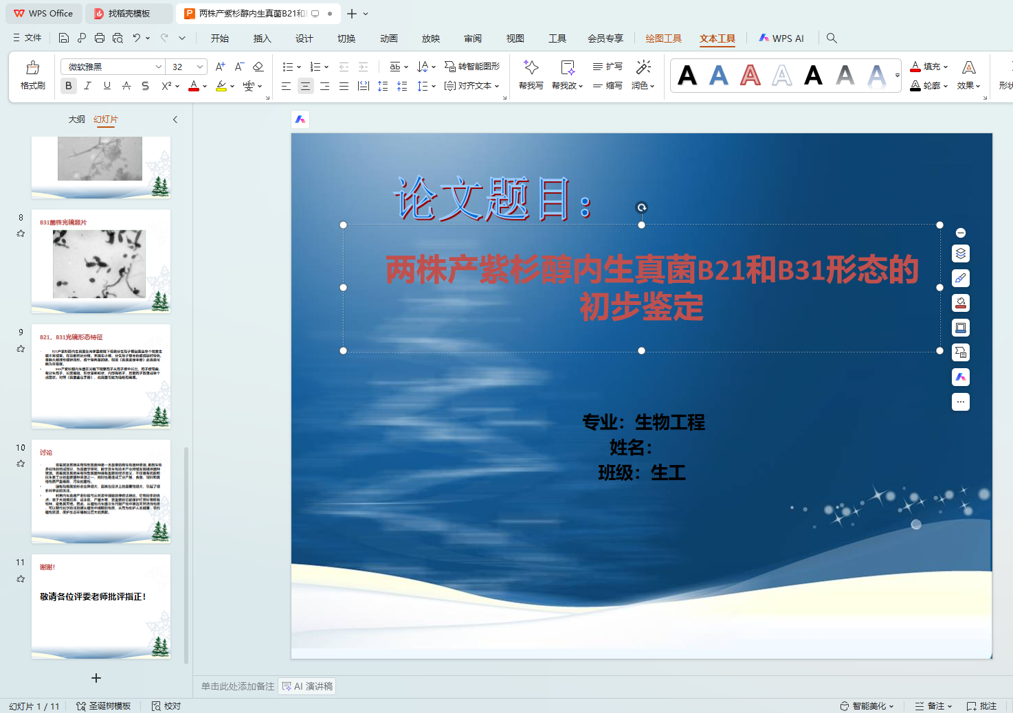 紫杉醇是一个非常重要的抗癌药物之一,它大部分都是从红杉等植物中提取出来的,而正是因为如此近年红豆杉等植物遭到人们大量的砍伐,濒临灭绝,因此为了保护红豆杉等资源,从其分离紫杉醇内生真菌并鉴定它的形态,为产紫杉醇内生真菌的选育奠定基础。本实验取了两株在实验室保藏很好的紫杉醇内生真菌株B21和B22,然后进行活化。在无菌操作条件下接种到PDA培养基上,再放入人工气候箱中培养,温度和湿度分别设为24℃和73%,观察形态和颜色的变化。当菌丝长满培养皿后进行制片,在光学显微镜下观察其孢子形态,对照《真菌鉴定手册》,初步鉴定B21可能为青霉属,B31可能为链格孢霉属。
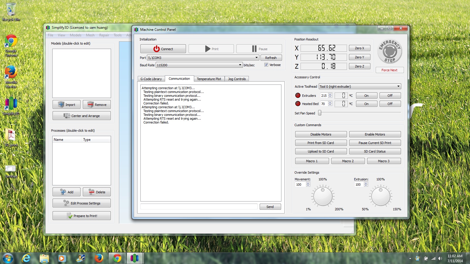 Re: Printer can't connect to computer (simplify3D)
# # # # # # #
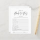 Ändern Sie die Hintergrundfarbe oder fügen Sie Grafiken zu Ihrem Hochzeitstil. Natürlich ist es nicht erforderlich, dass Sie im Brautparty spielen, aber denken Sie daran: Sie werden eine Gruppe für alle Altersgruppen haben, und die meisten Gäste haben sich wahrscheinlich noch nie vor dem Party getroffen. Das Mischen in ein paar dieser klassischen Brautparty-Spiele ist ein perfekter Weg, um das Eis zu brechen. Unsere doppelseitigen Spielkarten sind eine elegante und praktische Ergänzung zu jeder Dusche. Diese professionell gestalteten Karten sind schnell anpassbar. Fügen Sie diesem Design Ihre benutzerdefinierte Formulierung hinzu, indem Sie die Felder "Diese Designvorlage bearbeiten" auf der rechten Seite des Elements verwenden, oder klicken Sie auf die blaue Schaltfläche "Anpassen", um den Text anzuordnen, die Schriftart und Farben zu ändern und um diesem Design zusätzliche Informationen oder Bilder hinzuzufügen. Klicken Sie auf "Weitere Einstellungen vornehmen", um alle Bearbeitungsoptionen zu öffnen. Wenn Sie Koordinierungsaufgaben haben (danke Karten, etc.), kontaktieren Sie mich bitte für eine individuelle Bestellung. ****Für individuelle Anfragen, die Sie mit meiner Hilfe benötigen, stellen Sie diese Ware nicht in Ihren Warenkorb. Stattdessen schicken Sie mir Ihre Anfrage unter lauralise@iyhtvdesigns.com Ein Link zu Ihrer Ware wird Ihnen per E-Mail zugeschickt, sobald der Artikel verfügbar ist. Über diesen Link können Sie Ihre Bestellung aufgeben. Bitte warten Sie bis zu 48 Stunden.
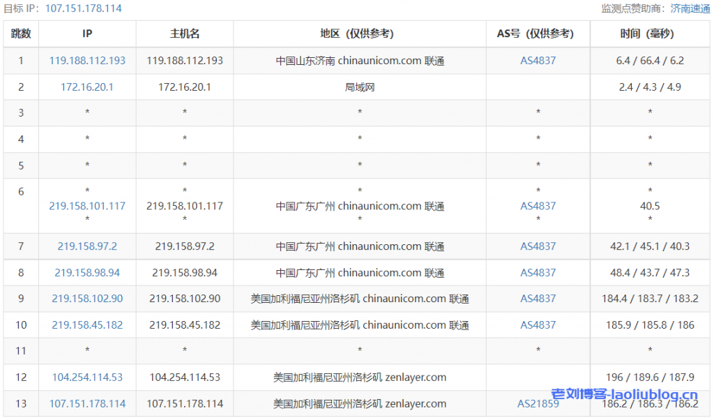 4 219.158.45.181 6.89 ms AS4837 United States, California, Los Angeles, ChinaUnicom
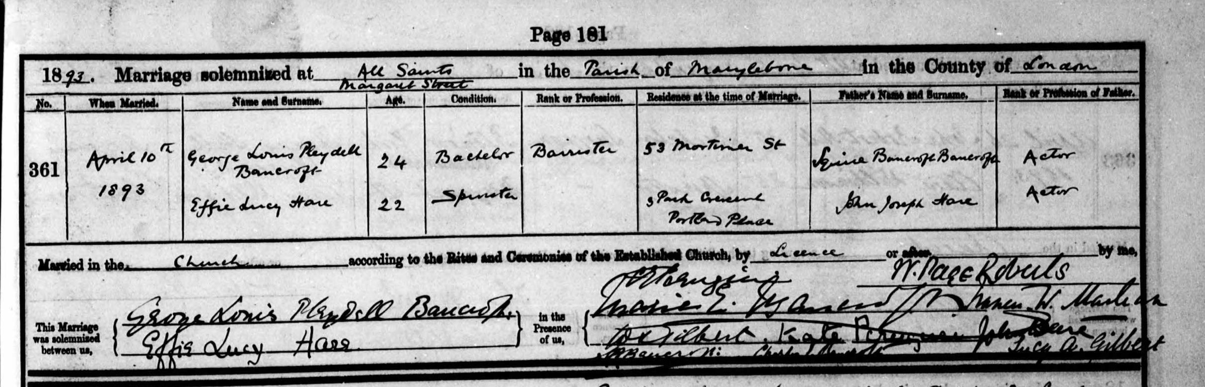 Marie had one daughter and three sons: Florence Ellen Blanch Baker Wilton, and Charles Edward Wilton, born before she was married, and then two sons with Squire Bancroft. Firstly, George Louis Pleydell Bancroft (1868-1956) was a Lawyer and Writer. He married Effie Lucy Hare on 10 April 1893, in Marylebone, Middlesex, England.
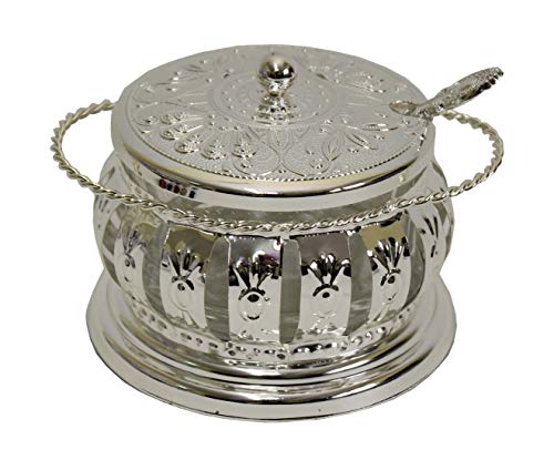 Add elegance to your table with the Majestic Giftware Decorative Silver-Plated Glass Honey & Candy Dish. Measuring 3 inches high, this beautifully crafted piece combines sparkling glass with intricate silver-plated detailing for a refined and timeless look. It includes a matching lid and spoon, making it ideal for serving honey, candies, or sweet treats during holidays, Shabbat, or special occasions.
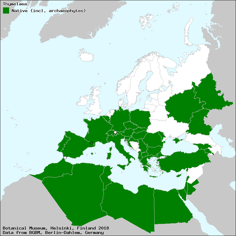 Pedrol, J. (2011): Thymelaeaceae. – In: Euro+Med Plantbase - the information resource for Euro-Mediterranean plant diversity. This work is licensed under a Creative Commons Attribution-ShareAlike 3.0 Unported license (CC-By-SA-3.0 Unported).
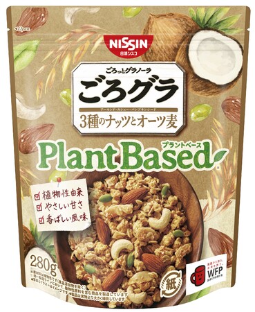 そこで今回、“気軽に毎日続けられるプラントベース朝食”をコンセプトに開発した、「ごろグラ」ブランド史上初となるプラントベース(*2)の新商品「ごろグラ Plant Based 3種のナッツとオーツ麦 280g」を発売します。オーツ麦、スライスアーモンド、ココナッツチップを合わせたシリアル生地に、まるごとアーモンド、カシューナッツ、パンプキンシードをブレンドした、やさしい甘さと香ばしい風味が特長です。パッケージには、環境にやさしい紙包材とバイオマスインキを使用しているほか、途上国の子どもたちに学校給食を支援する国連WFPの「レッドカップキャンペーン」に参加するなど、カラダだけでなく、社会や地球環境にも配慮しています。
# # # # # # #
◆ WORK REQUEST
What are the lines above from the one with "Ändern Sie die" to the one with "4 219.158.45.181 6.89", both included? Reproduce them exactly, without pictures.

◆ RESPONSE FOR THIS EXERCISE
 Ändern Sie die Hintergrundfarbe oder fügen Sie Grafiken zu Ihrem Hochzeitstil. Natürlich ist es nicht erforderlich, dass Sie im Brautparty spielen, aber denken Sie daran: Sie werden eine Gruppe für alle Altersgruppen haben, und die meisten Gäste haben sich wahrscheinlich noch nie vor dem Party getroffen. Das Mischen in ein paar dieser klassischen Brautparty-Spiele ist ein perfekter Weg, um das Eis zu brechen. Unsere doppelseitigen Spielkarten sind eine elegante und praktische Ergänzung zu jeder Dusche. Diese professionell gestalteten Karten sind schnell anpassbar. Fügen Sie diesem Design Ihre benutzerdefinierte Formulierung hinzu, indem Sie die Felder "Diese Designvorlage bearbeiten" auf der rechten Seite des Elements verwenden, oder klicken Sie auf die blaue Schaltfläche "Anpassen", um den Text anzuordnen, die Schriftart und Farben zu ändern und um diesem Design zusätzliche Informationen oder Bilder hinzuzufügen. Klicken Sie auf "Weitere Einstellungen vornehmen", um alle Bearbeitungsoptionen zu öffnen. Wenn Sie Koordinierungsaufgaben haben (danke Karten, etc.), kontaktieren Sie mich bitte für eine individuelle Bestellung. ****Für individuelle Anfragen, die Sie mit meiner Hilfe benötigen, stellen Sie diese Ware nicht in Ihren Warenkorb. Stattdessen schicken Sie mir Ihre Anfrage unter lauralise@iyhtvdesigns.com Ein Link zu Ihrer Ware wird Ihnen per E-Mail zugeschickt, sobald der Artikel verfügbar ist. Über diesen Link können Sie Ihre Bestellung aufgeben. Bitte warten Sie bis zu 48 Stunden.
 4 219.158.45.181 6.89 ms AS4837 United States, California, Los Angeles, ChinaUnicom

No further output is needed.